Data excerpt
..............................

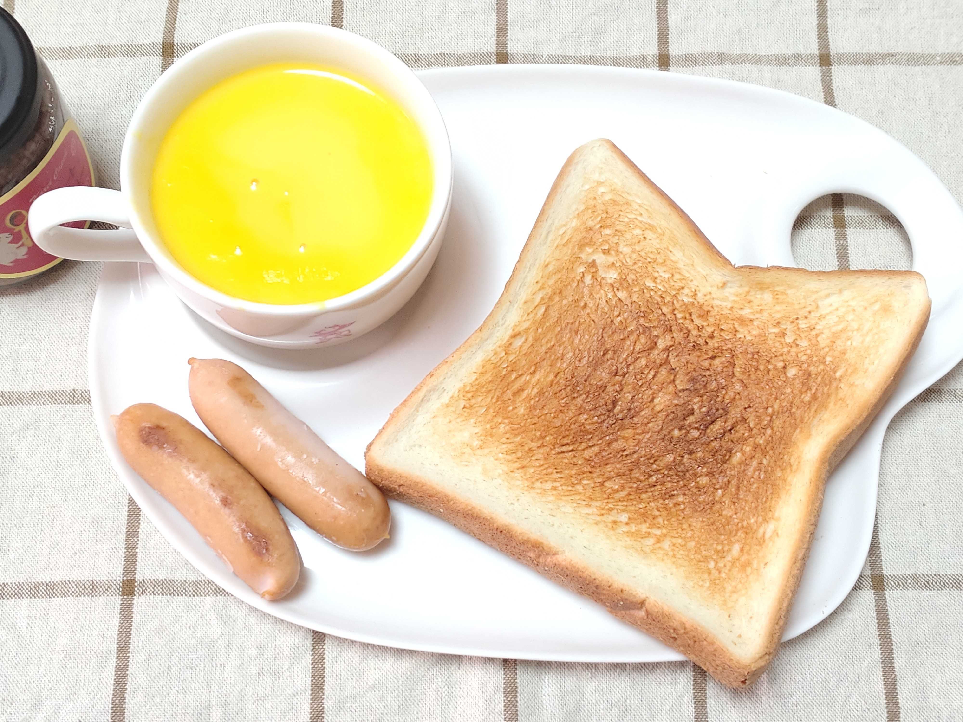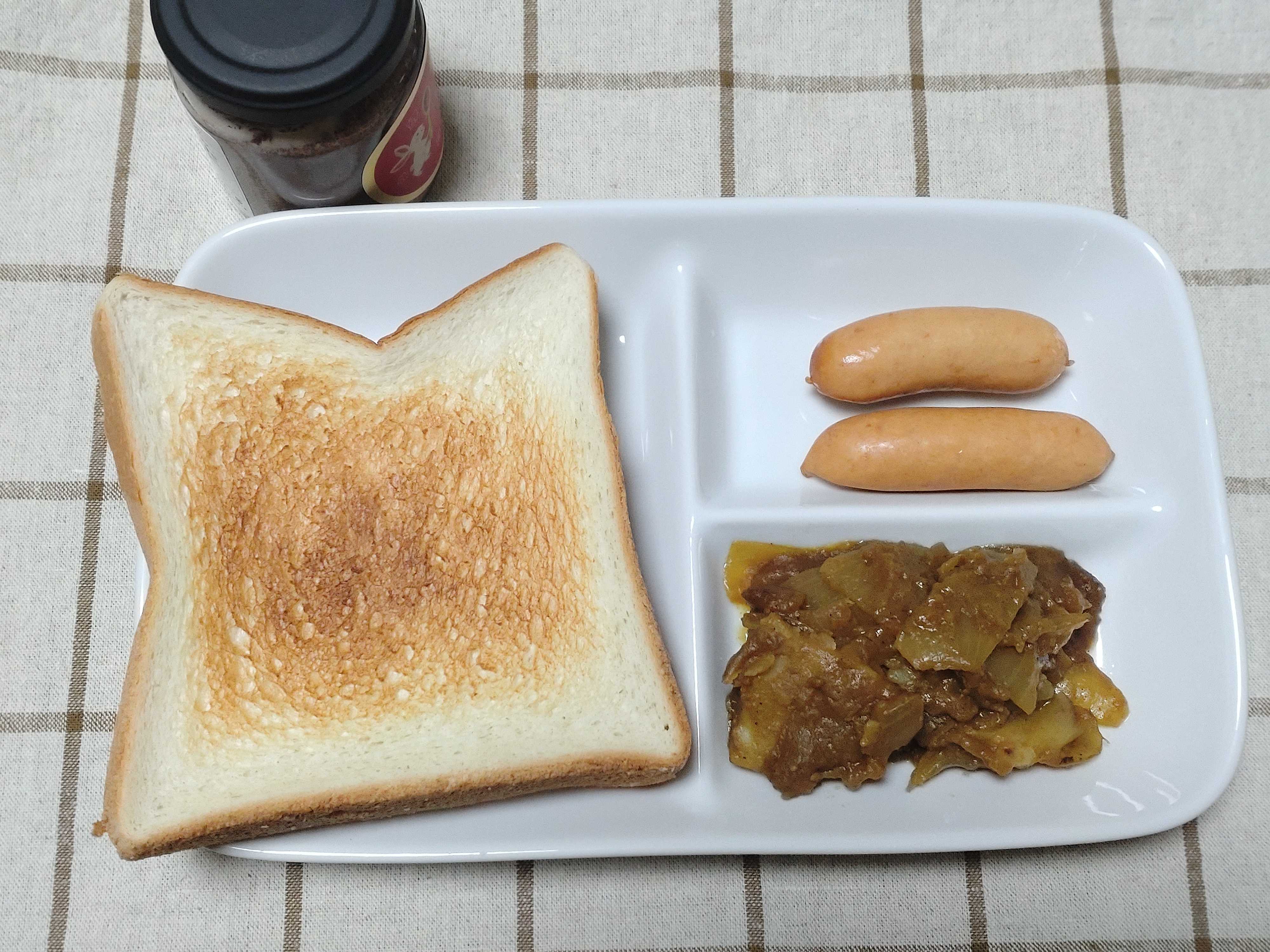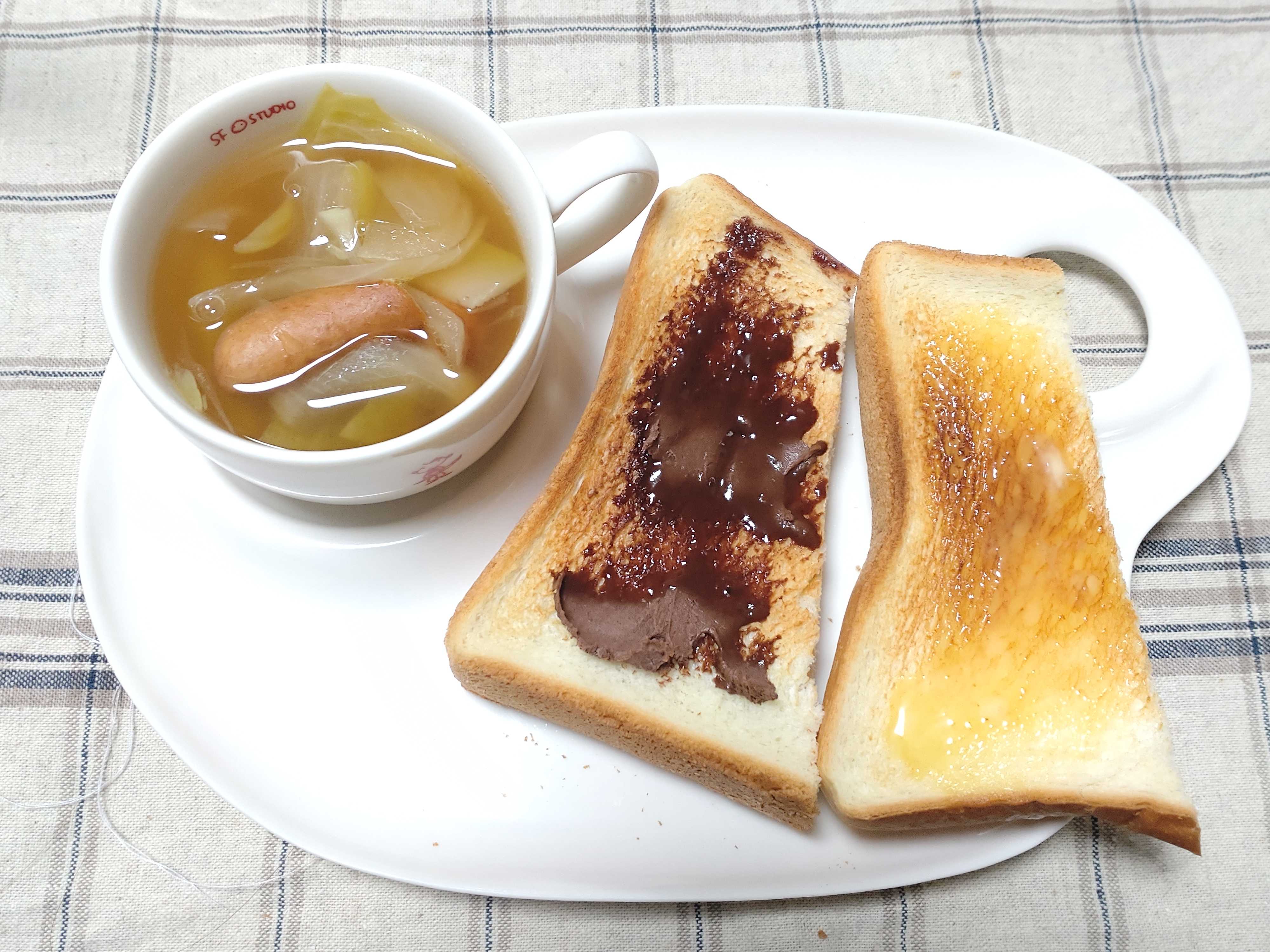 朝食食パン、ソーセージ、パンプキンスープ昼食抜き夕食ナス、厚揚げとしめじ、味噌汁、ごはん
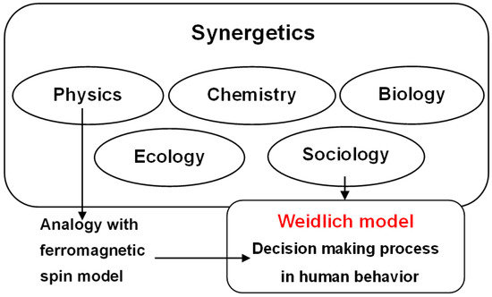 Weidlich model in “Synegetics. In the framework of synergetics for interdisciplinary realms, the Weidlich model can describe the human decision-making process by an analogy with the ferromagnetic spin model.
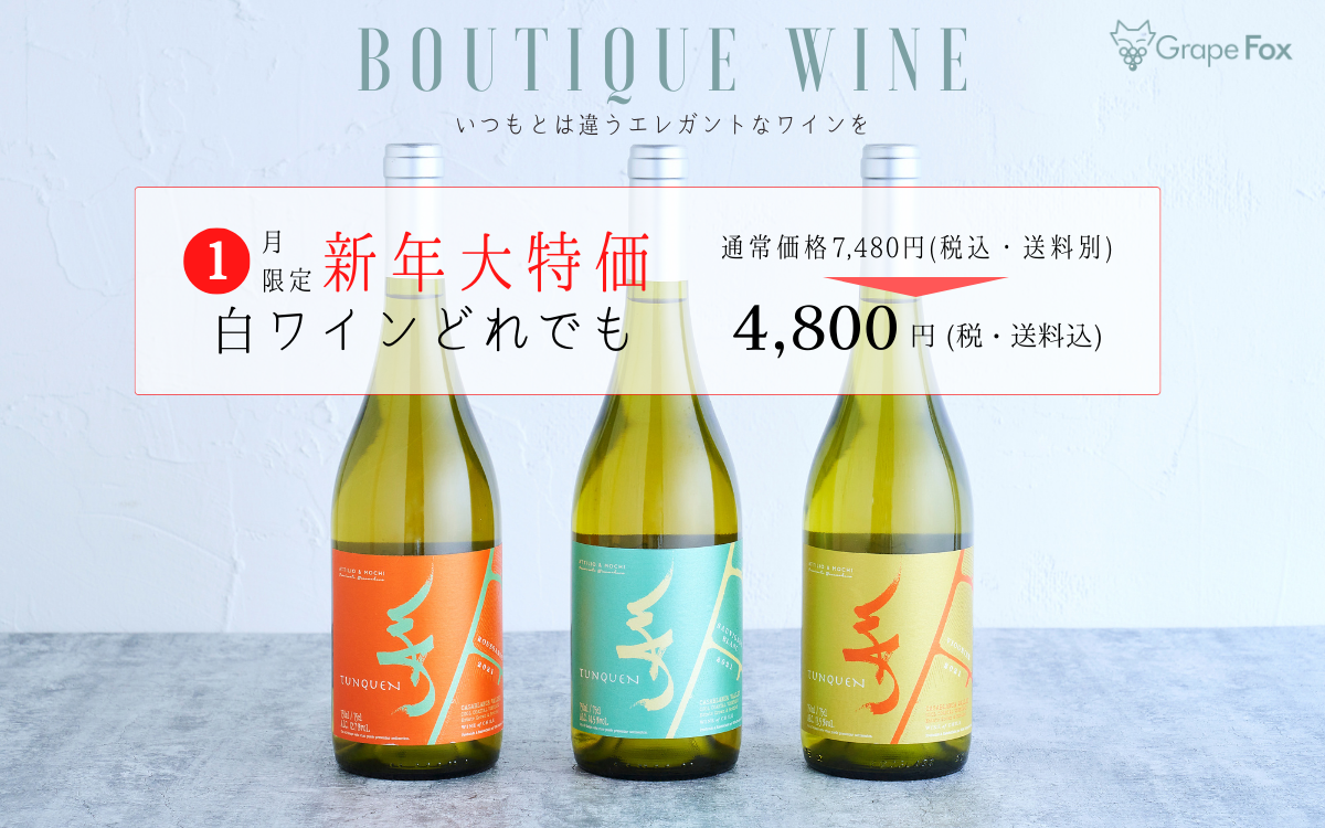 GrapeFoxはそんな1月にぴったりのエレガントな白ワインを3種類ご用意し、特別価格にてご提供いたします。

..............................

Exercise
The material should be duplicated word for word, with no images included.

Answer section
 朝食食パン、ソーセージ、パンプキンスープ昼食抜き夕食ナス、厚揚げとしめじ、味噌汁、ごはん
 Weidlich model in “Synegetics. In the framework of synergetics for interdisciplinary realms, the Weidlich model can describe the human decision-making process by an analogy with the ferromagnetic spin model.
 GrapeFoxはそんな1月にぴったりのエレガントな白ワインを3種類ご用意し、特別価格にてご提供いたします。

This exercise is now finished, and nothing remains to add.